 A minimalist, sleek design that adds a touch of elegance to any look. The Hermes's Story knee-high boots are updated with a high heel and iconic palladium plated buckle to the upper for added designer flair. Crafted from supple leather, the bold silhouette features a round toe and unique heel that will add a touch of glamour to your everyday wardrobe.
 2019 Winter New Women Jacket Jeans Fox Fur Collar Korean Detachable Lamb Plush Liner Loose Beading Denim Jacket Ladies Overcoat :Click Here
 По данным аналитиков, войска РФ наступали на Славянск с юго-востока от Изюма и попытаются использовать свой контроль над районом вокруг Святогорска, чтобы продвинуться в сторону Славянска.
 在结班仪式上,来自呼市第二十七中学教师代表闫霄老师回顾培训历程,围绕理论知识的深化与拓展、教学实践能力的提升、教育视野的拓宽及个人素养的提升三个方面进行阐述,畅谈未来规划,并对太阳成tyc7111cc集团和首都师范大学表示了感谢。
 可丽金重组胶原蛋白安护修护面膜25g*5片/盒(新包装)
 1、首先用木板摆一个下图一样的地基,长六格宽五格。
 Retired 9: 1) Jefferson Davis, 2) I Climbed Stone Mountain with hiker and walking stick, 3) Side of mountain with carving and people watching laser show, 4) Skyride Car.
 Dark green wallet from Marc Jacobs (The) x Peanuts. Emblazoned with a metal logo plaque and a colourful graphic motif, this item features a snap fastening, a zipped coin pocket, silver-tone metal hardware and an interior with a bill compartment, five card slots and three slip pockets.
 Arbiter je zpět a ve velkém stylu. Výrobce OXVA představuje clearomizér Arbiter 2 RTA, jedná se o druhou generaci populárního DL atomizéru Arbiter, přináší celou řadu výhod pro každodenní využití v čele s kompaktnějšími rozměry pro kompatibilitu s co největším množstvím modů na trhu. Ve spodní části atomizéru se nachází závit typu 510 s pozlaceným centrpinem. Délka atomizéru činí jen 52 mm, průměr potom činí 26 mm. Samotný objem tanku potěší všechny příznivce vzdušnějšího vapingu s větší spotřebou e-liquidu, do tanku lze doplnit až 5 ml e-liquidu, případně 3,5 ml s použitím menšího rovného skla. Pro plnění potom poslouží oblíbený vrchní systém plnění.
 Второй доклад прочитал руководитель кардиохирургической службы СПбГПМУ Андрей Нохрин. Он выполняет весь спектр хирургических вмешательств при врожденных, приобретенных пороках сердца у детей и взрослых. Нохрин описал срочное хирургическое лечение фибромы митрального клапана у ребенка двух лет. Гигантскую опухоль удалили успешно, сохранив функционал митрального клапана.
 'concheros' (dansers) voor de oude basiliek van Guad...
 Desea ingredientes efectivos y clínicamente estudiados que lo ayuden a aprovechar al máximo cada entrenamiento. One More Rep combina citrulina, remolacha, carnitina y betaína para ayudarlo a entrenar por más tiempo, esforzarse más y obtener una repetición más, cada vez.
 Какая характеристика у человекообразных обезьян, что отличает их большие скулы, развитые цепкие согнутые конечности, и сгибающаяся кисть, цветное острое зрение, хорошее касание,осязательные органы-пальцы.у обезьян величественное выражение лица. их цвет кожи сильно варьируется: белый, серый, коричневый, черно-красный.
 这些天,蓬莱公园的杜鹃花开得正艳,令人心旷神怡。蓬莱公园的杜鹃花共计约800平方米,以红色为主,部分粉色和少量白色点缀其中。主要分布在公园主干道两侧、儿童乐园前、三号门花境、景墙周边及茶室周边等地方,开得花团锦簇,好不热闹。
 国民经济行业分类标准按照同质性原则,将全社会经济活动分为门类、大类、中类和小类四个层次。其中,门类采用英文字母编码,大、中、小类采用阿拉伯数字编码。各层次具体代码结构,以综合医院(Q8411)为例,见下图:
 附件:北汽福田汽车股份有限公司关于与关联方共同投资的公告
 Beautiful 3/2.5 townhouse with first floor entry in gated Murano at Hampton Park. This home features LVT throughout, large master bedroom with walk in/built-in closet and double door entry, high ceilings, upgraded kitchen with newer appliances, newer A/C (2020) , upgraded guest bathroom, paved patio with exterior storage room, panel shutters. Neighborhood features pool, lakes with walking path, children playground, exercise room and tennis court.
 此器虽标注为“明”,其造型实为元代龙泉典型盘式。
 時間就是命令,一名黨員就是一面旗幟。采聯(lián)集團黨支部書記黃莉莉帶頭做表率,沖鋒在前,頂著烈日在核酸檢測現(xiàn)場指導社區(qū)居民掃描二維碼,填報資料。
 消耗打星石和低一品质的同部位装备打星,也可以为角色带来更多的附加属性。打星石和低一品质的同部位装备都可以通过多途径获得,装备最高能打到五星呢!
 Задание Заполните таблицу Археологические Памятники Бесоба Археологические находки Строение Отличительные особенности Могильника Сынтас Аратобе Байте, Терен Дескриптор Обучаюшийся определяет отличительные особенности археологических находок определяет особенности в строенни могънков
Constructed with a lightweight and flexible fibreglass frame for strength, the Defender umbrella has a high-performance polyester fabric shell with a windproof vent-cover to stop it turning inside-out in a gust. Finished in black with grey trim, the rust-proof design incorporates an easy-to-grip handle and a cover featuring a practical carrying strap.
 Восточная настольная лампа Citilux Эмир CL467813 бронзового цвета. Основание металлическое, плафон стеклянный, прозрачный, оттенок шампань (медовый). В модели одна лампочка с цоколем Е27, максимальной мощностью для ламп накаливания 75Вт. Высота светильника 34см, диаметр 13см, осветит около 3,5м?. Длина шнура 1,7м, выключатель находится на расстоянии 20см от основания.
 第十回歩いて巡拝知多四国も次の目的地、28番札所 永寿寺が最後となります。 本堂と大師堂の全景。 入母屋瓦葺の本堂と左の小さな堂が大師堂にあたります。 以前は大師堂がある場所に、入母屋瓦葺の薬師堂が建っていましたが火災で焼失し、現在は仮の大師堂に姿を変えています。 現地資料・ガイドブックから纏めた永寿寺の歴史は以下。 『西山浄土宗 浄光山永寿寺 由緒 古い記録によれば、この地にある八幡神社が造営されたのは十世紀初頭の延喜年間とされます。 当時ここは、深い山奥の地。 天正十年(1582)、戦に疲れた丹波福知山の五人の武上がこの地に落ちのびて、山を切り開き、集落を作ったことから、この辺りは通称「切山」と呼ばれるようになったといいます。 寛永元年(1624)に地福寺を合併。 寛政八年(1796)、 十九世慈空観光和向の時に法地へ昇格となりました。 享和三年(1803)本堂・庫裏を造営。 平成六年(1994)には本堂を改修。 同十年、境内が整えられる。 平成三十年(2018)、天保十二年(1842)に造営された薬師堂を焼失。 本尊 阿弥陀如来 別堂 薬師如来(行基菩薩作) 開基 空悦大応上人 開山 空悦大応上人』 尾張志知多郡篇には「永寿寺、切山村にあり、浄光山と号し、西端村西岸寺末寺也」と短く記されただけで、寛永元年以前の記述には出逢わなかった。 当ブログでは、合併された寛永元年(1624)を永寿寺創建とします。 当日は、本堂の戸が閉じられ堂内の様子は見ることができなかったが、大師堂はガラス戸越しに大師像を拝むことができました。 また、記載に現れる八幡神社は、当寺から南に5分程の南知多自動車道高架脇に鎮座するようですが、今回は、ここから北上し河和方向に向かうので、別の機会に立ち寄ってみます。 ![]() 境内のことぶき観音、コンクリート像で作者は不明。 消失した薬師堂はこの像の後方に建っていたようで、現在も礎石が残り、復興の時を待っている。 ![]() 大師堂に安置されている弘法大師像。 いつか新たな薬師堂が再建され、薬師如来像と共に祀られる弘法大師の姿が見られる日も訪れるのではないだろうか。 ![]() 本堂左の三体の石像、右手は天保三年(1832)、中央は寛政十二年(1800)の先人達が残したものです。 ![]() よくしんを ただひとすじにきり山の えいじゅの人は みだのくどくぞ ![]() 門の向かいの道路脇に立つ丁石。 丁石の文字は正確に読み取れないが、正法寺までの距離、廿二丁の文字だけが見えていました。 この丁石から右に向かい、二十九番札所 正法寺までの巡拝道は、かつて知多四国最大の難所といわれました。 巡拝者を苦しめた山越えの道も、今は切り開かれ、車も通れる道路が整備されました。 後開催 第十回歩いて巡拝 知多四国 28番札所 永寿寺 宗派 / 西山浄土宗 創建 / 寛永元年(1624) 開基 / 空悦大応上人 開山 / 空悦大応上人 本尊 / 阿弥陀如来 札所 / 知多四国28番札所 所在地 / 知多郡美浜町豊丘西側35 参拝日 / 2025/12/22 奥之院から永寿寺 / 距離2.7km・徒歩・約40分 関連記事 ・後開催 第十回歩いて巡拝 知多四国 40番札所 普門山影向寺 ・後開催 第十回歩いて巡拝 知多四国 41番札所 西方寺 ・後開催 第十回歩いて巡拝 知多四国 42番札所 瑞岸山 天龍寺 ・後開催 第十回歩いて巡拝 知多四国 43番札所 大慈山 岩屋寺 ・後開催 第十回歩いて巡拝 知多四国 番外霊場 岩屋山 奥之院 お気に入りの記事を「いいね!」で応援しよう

Exercise directions: Go through the records above and, whenever a line includes the word "from", copy it.

Response to the exercise:
 A minimalist, sleek design that adds a touch of elegance to any look. The Hermes's Story knee-high boots are updated with a high heel and iconic palladium plated buckle to the upper for added designer flair. Crafted from supple leather, the bold silhouette features a round toe and unique heel that will add a touch of glamour to your everyday wardrobe.
 Dark green wallet from Marc Jacobs (The) x Peanuts. Emblazoned with a metal logo plaque and a colourful graphic motif, this item features a snap fastening, a zipped coin pocket, silver-tone metal hardware and an interior with a bill compartment, five card slots and three slip pockets.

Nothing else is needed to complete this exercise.